TimeSeries A timeseries represents the unique set of records, which all have the same data-type, station and period.

Record

A record represents a single measurement containing a value, a timestamp , a timeseries, and a provenance. Provenance indicates which data collector in which version collected the data. It is needed to implement traceability between collectors and inserted data, to identify data for cleansing or bug fixes.

Example:

We measure on Fri Dec 16 2025 10:47:33 a data type temperature (see data type example) of 20.4 for a meteo station called 89935GW (see station example).

Edge

An edge represents the spatial geometry between two stations. We model this internally as a station triple: origin, edge, destination, because currently only stations can be exposed through our API. We add a line-geometry to that triple to describe the entity geographically. Hereby, origin and destination are two stations of any type that represent two points on the map. The edge is also a station of type LinkStation, that has no coordinates. It is the description of the edge.

Example:

A street between two stations, where the measured data could be how many cars passed it.

If you need more information about specific entities or classes, try to use the javadoc or source code inside DAL.

DTO

Data transfer objects (DTOs) are used to define the structure of the data exchange. They are used between data provider and data persister (writer). They consist of fields which are all primitives and easily serializable. The DTO module is a java library contained in all modules of the big data platform, simply because it defines the communication structure in between.

The following chapters describe the most used DTOs.

StationDto

Describes a place where measurements get collected. It is the origin of the data. We define the structure inside StationDto.java.

DataTypeDto

Describes a specific type of data. We define the structure inside DataTypeDto.java

SimpleRecordDto

Describes the measured value. We define the structure inside SimpleRecordDto.java

client (deprecated)

The client is a Java sdk to communicate with the BDP writer.

Warning

Since we are implementing all transformers and elaborations in golang (or python), this client library is considered deprecated.
You can find the Golang SDK here, with the module bdplib being the client library for this API.

Just include the client maven dependency in your project and use the existing JSON client implementation.

The API contains several methods. We describe the most important methods here, for the rest see JSONPusher.java implementation.

Object getDateOfLastRecord(String stationCode,String dataType,Integer period)

This method gets the date of the last valid record

Object syncStations(List<StationDto> data)

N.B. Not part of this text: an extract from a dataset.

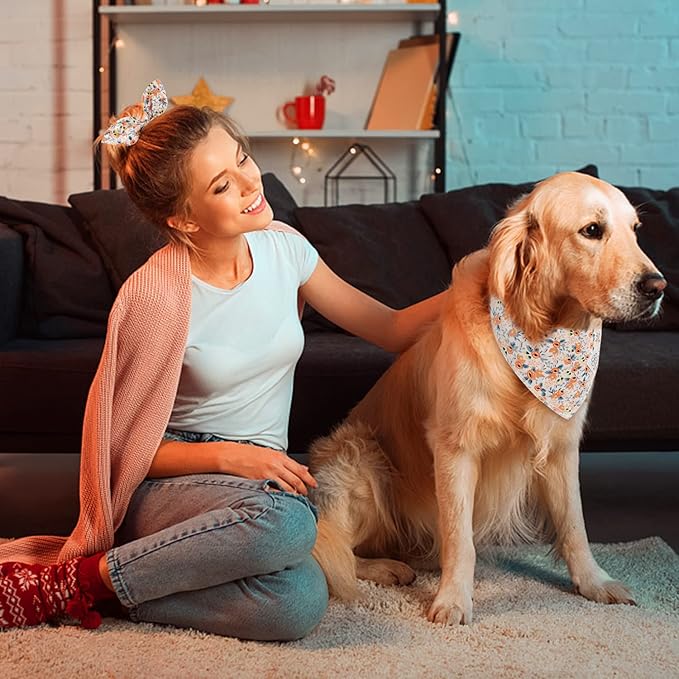 - Matching Bandana and Scrunchie Set - It’s full of love when your pets is wearing the flower bandanas and you are wearing the bow scrunchies. When traveling, sleeping, taking photos or daily warking, adorable spring dog bandana and floral scrunchie is a pretty accessories. The the hair tie can be worn as a wrist accessory and hold your hair. Beautiful dog drool bibs and scrunchie with orange, yellow floral and navy blue leafs pattern, it’s nice photo props.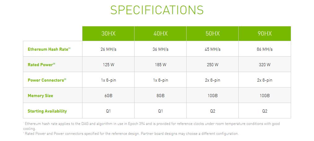 saját memóriával ami 26 MH/s teljesítményre lesz majd képes Ethereum bányászat során.A CMP sorozatban a jelenlegi kínálat mellett a 90HX fogja képviselni a csúcsot 320W-os fogyasztással, 86 MH/s teljesítményt kínálva a crypto bányászoknak ami várhatóan a második negyedév során jelenik majd meg. Eközben a cég igyekszik a hagyományos grafikus kártyák driver csomagjában 50%-al korlátozni a hash teljesítményt, így terelve a bányászokat az új kártyákra. Azonban az nVidia driver korlátozása igencsak kétséges lépés, mivel a

This method is used to create, update, and deactivate stations of a specific typology; data must be a list of StationDto's

Object syncDataTypes(List<DataTypeDto> data)

This method is used to create and update(and therefore upsert) data types; data must be a list of DataTypeDto

Object pushData(DataMapDto<? extends RecordDtoImpl> dto)

This is the place, where you place all the data you want to pass to the writer. The data in here gets saved in form of a tree.

Each branch can have multiple child branches, but can also have data itself, which means it can have indefinite depth. Right now, by our internal conventions we store everything on the second level, like this:

+- Station
   |
   +- DataType
      |
      `-Data

As value you can put a list of SimpleRecordDto.java, which contains all the data points with a specific station and a specific type. Each point is represented as timestamp and value. To better understand the structure, see the DataMapDto.java source.

Flight rules

Database Partitioning

To manage large data volumes, the API supports table partitioning of the history tables. Partitioning is done on the timeseries level using timeseries.partition_id as key.

By default only one partition (with ID 1) exists and all new timeseries are put there.

The table Partition represents a partition with some additional descriptions

At time of writing the process is not yet automated. See [create_partition.sql] for an example of how to create partitions and move existing data

Designing the partitioning scheme

The partitions should be designed in a way to reflect query or delete/update patterns. E.g. to group data that is requested together (such as all timeseries of a stationtype+origin), or an elaborated data type that has to be deleted often.

It is possible to further sub-partition partitions, e.g. if you have a large partition of traffic data, you can sub-partition by timestamp date ranges

Creating a new partition

To use additional partitions, first create a record in the table partition and the corresponding partition of the measurement*history table, using the id of the partition record as partition key.

e.g.

CREATE TABLE IF NOT EXISTS measurementhistory_2 PARTITION OF measurementhistory FOR VALUES IN (2)

Define partition rules

Rules on which timeseries goes into which partition are declared in partition_def.

Currently, you can decide to assign a partition by using origin, stationtype, type_id and period as criteria.

The matching of a timeseries to a partition is done by specificity: Whichever partition matches the highest number of these fields (with null being ignored) will be selected.

The code for this can be found in PartitionDef.java

Note that the rules only apply to newly created timeseries records and don't affect existing ones. If you want a certain dataset to be in one partition, you have to migrate existing records manually.

Migrating existing timeseries

You can migrate existing data to this partition by updating the partition_id of both the timeseries and measurement*history records to the target partition id.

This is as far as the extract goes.